## Task item
Pictures are to be dropped. Everything else in the listing gets copied exactly.

## Data provided
──────────

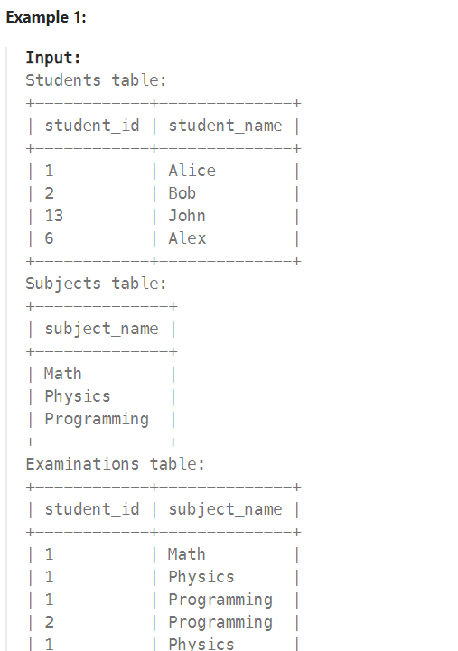 dlrpskdi 2023. 9. 16. 07:421. Students and Examinations - https://leetcode.com/problems/students-and-examinations/
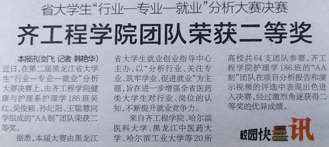 鹤城晚报:省大学生“行业-专业-就业”分析大赛决赛 齐工程学院团队荣获二等奖
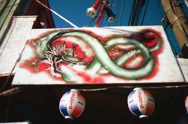 エアブラシドラゴン JR星田駅の近辺にある中華料理店です。エアブラシの技法を使って描かれたと思われる竜。偶然か意図した物か不明ですが、ふわっとした感じと恐ろしい形相のコントラストが、この世の生き物ではない竜の一面をうまく表現しているみたいで面白いです。
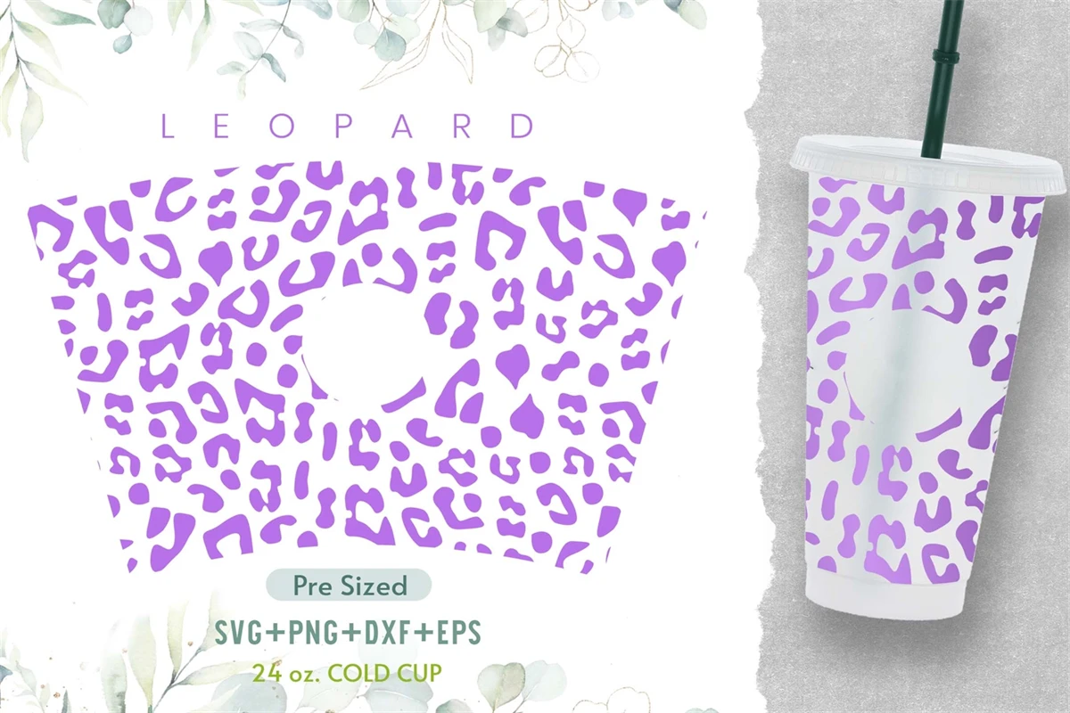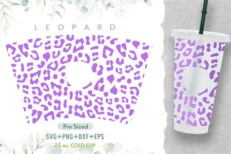 24oz Leopard Starbucks Cold Cup Svg, Leopard Pattern Cup Svg

──────────

## Answer for the task
 dlrpskdi 2023. 9. 16. 07:421. Students and Examinations - https://leetcode.com/problems/students-and-examinations/
 鹤城晚报:省大学生“行业-专业-就业”分析大赛决赛 齐工程学院团队荣获二等奖
 エアブラシドラゴン JR星田駅の近辺にある中華料理店です。エアブラシの技法を使って描かれたと思われる竜。偶然か意図した物か不明ですが、ふわっとした感じと恐ろしい形相のコントラストが、この世の生き物ではない竜の一面をうまく表現しているみたいで面白いです。
 24oz Leopard Starbucks Cold Cup Svg, Leopard Pattern Cup Svg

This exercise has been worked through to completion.